*Data provided*
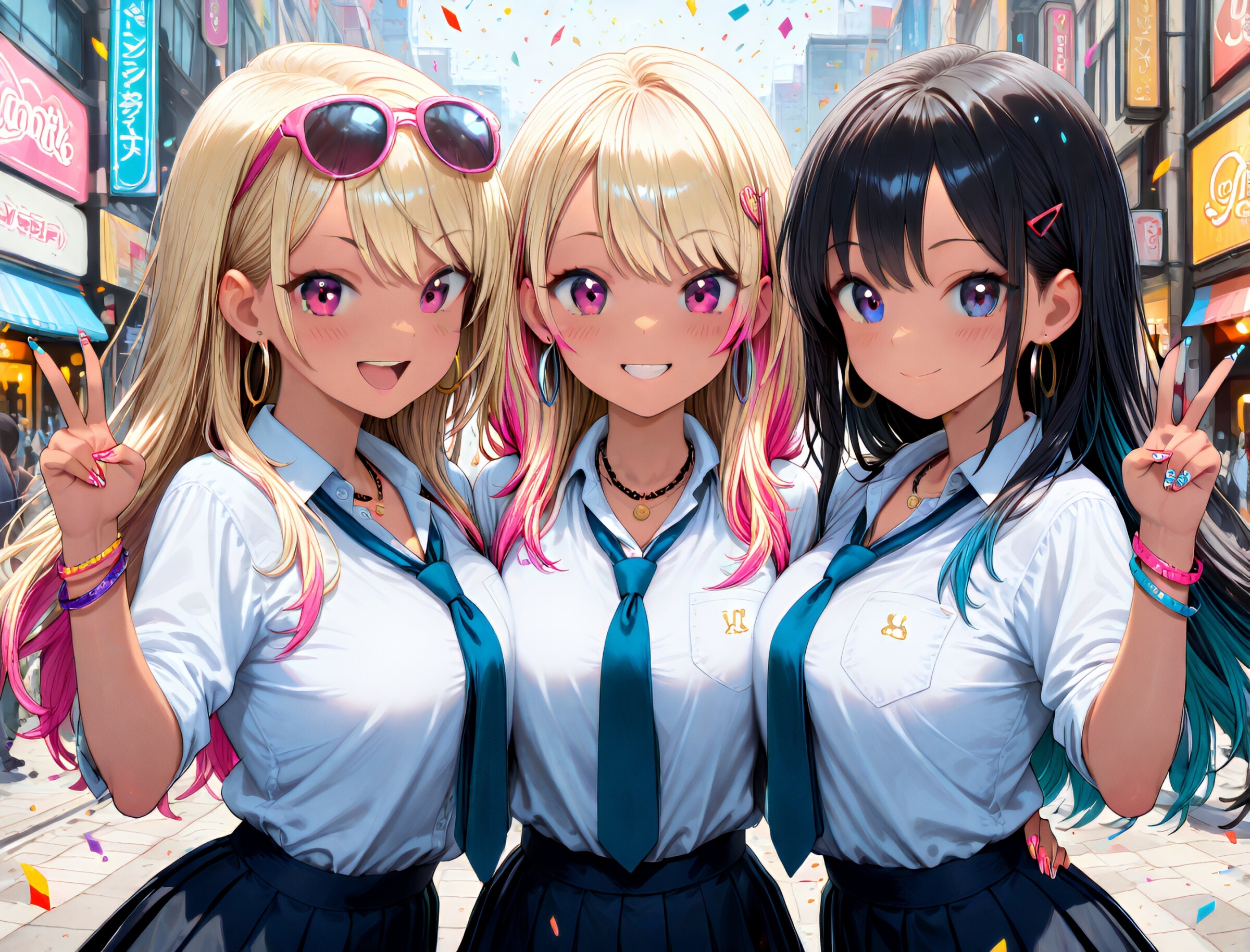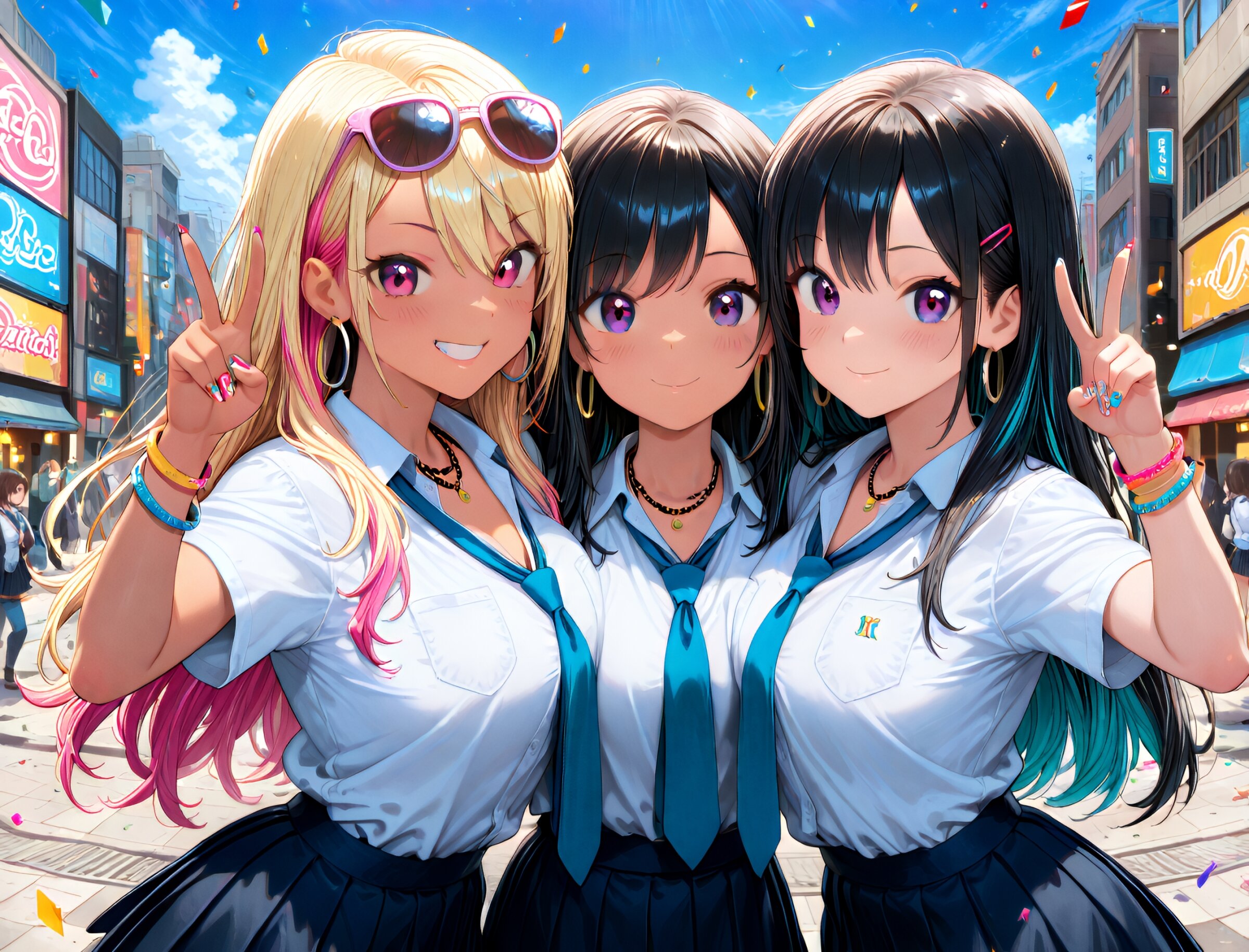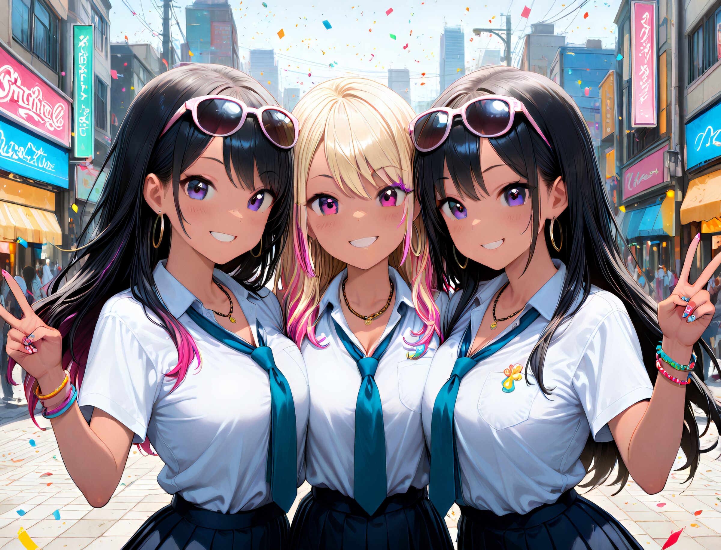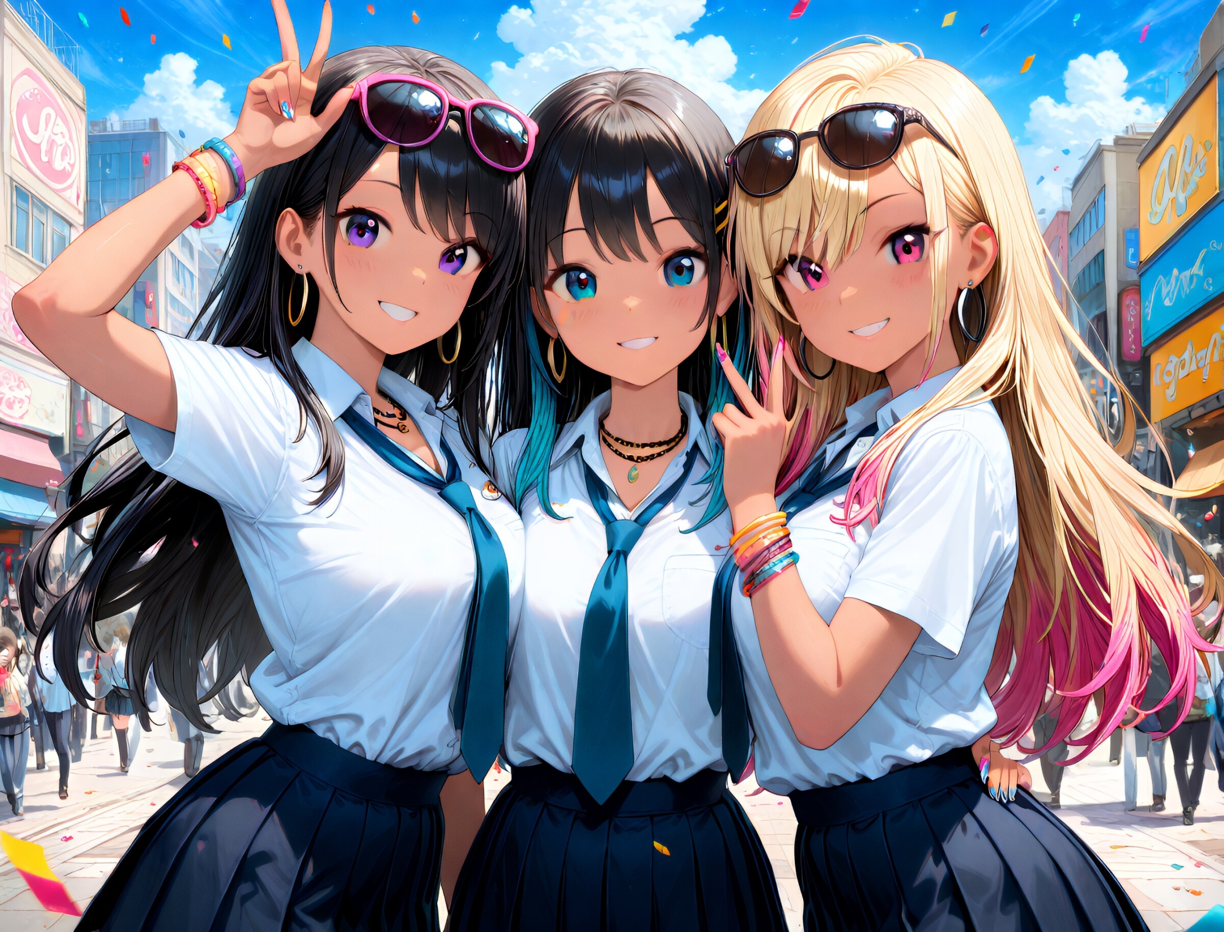 (upper body:1.8), (two gyaru girls:1.6), (standing side by side), (posing together:1.4), coordinated outfits, colorful accessories, black hair and colorful highlights, playful city scene, trendy school uniform-inspired fashion, loose tie, short pleated skirt with flashy patterns, sunglasses on head, hoop earrings, layered necklaces, bright bracelets, vibrant nail art, smiling confidently, peace sign pose, dynamic composition, confetti-filled urban street background, energetic and cheerful expressions, camera angle slightly tilted for dramatic effect masterpiece, best quality, ultra-detailed, cinematic lighting, 8k resolution, very aesthetic, intricate details from side, looking at viewer, dynamic pose, dynamic angle, masterpiece, best quality, very aesthetic, <lora:noobai_ep11_stabilizer_v0.11_fp16:0.7> <lora:StS-Illustrious-Detail-Slider-v1.0:2.> <lora:sdxl-hairdetailer_02:2> <lora:xl_more_art-full_v1:1.4> <lora:spo_sdxl_10ep_4k-data_lora_webui:0.7>
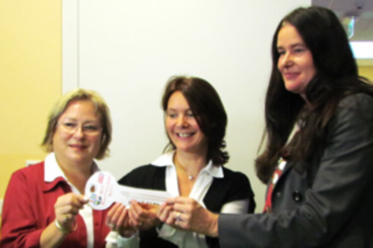 Das Foto zeigt (v.l.) Petra Wust, OB Bitterfeld-Wolfen, Kitaleiterin Simone Hempel, Silvia Semidei (ESO-Geschäftsführerin)
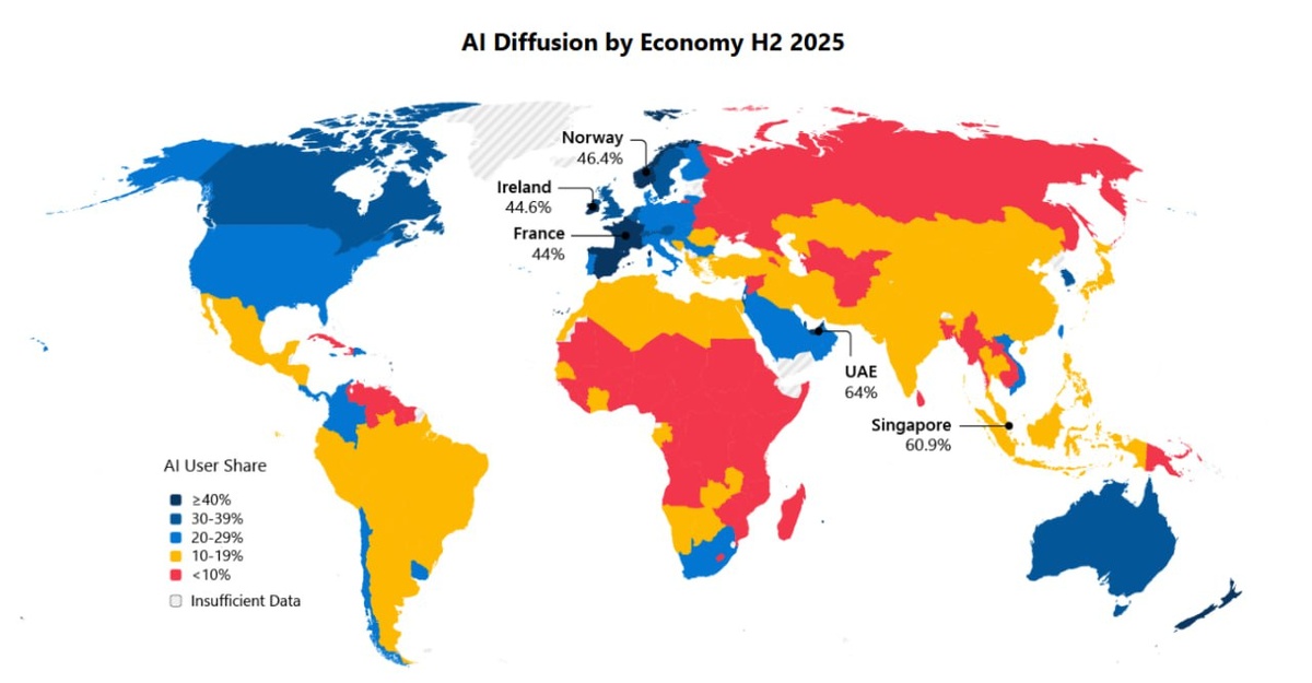 Microsoft опубликовала рейтинг стран по уровню внедрения ИИ-сервисов

*What the task asks*
Every line above must appear in the answer unchanged, and no picture may appear in it.

*Task result*
 (upper body:1.8), (two gyaru girls:1.6), (standing side by side), (posing together:1.4), coordinated outfits, colorful accessories, black hair and colorful highlights, playful city scene, trendy school uniform-inspired fashion, loose tie, short pleated skirt with flashy patterns, sunglasses on head, hoop earrings, layered necklaces, bright bracelets, vibrant nail art, smiling confidently, peace sign pose, dynamic composition, confetti-filled urban street background, energetic and cheerful expressions, camera angle slightly tilted for dramatic effect masterpiece, best quality, ultra-detailed, cinematic lighting, 8k resolution, very aesthetic, intricate details from side, looking at viewer, dynamic pose, dynamic angle, masterpiece, best quality, very aesthetic, <lora:noobai_ep11_stabilizer_v0.11_fp16:0.7> <lora:StS-Illustrious-Detail-Slider-v1.0:2.> <lora:sdxl-hairdetailer_02:2> <lora:xl_more_art-full_v1:1.4> <lora:spo_sdxl_10ep_4k-data_lora_webui:0.7>
 Das Foto zeigt (v.l.) Petra Wust, OB Bitterfeld-Wolfen, Kitaleiterin Simone Hempel, Silvia Semidei (ESO-Geschäftsführerin)
 Microsoft опубликовала рейтинг стран по уровню внедрения ИИ-сервисов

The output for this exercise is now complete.